Gold, on the other hand, is not Quantified by what it trades for; instead, uniquely, it is measured by a different physical standard; by its own weight, or mass. A g of Gold is a gram of gold, and an ounce of Gold is an ounce of Gold… no matter what number is engraved on its surface, ‘face value’ or differently. Causality is the contrary to that of Fiat; Gold is measured by weight, an inherent quality… maybe not by buying power. Now, have you any idea of the value of an oz of Dollars? No anything. Fiat is just ‘quantified’ with an ephemeral quantity… the amount printed on it, ‘ the ‘face value’.
Bitcoin is further away from being The numeraire; not just is it simply a few, much as Fiat… but its value is quantified in Fiat!

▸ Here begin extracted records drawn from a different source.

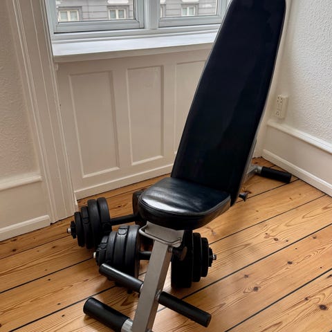 Træningsbænken har justerbart ryglæn og kan klappes sammen. Kan ses & prøves i vores showroom på Frederikssundsvej 316, 2700 Brønshøj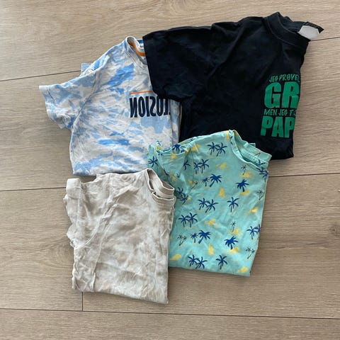 9 stk T-skjorter. Hele og pene. Flekkfrie ( så langt jeg kan se. Er nøye med flekkfjerning).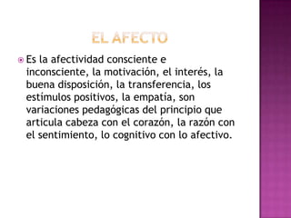 El documento describe los principios de una nueva pedagogía que se centra en el niño. Reconoce la naturaleza espontánea del niño y propone partir de su experiencia natural como principio y fin de la educación. Además, sugiere que el ambiente escolar lo diseñe el propio alumno para aprender lo que le interesa y que el maestro proponga nuevas preguntas y desafíos en lugar de respuestas. Finalmente, señala que el trabajo en grupos pequeños favorece el desarrollo intelectual y moral de los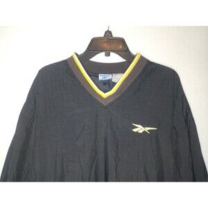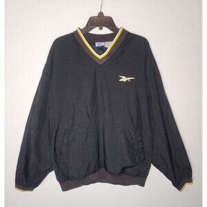 Vintage Reebok Black & Yellow Nylon V-Neck Pullover Windbreaker Mens Large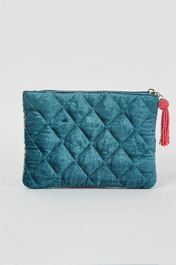 Treat your mum or the mother-figure in your life with this ‘C’ initial velvet purse in Teal. Soft to touch, this purse is embellished with a sparkling floral sequin motif. Featuring a statement seed bead tassel and fun twisted rope edging, this purse makes a personal and practical gift this Mother’s Day.
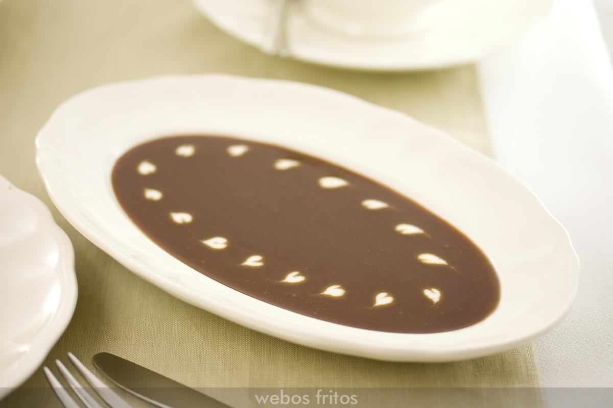Para formar un dibujo, podéis optar por la solución que utilizo yo en las cremas, o la que he usado hoy, y que podéis ver en la foto. Basta con echar con una jeringuilla unas gotas de nata —para cocinar , no para montar— sobre las salsa, a intervalos regulares.

Even if Bitcoin becomes internationally recognized as a medium of exchange, and even if it manages to replace the Dollar as the approved ‘numeraire’, it can never have an intrinsic measure like Gold has. Gold is exceptional in being quantified by a true, unchanging physical quantity. Gold is unique in preserving value for thousands of years. Nothing else in touch of humanity has this unique blend of qualities.